Because of the reduced size of the individual gratings in a composite grating target, edge effects (fringes) in the dark-field image become significant, and there can be cross-talk between the images of different gratings within the target. To address this issue, US20110027704A mentioned above teaches to select only a central portion of the image of each grating as a ‘region of interest’ (ROI). Only pixel values within the ROI are used to calculate asymmetry and overlay.
As one considers ever smaller targets, however, the size of ROI that can be defined to be free of edge effects reduces to ever smaller numbers of pixels. Consequently the measurements are inherently more noisy, for a given acquisition time. Moreover, any variation in positioning the ROI becomes a significant source of error in the measured asymmetry.

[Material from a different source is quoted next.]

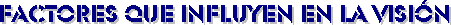 Los factores externos que influyen sobre la formación de una buena imagen en la retina pueden dividirse en dos clases: los subjetivos y los objetivos. Los primeros dependen del propio individuo como su salud visual (depende de la edady del deterioro de la vista), el nivel de atención en lo que mira, si está en reposo o en movimiento o la comodidad visual (nivel de iluminación y deslumbramiento). Mientras que los segundos dependen de lo que estemos mirando, del objeto visual. Son los factores objetivos y son el tamaño, la agudeza visual, el contraste y el tiempo.

Edge effects can be very intense. Asymmetric edges of the grating will increase the intensity signal error if they are large and intense enough to end up inside the ROI. For small pattern recognition errors in placement of the ROI, only a small part of the high intensity edge might end up inside the ROI. The small presence of edge effects is not a problem because a conventional 1σ or 2σ-filter is successful in removing these pixels. However, for larger pattern recognition errors, the 2σ-filter will work less well and larger errors in the intensity signal will be introduced.

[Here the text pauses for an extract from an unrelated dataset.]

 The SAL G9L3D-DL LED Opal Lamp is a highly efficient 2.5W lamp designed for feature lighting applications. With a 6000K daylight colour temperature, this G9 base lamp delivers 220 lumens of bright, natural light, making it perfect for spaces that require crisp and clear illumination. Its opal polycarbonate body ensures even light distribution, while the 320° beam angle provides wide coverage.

Oscillations in intensity can occur inside the ROI as a result of the Gibbs phenomenon. This may happen for example when a pupil filter of 0.4 NA (numerical aperture) is used in the scatterometer and a limited number of Fourier components are available to form the grating field image. This results in periodic oscillations of the intensity across the grating image. Because of this effect, a slightly different placement of the ROI on top of the periodic oscillations will result in different average intensities across the ROI. The final averaged intensity is thus very sensitive to the placement of the ROI.
Intensity gradients across the grating image may be caused by the effects of defocus in combination with high NA detection. The final effect is that the ROI has to be placed on a slope in intensity. In this case an error in positioning will result in extra errors in average intensity. It may be expected that these intensity gradients will be more severe in future generations of apparatus, where off-axis illumination and off-axis collection of scattered radiation make the signals more sensitive to focusing errors. Also in the case of focusing errors, images of component gratings within a compound target may move in different directions so as to overlay with one another. Existing signal extraction methods will be increasingly challenged.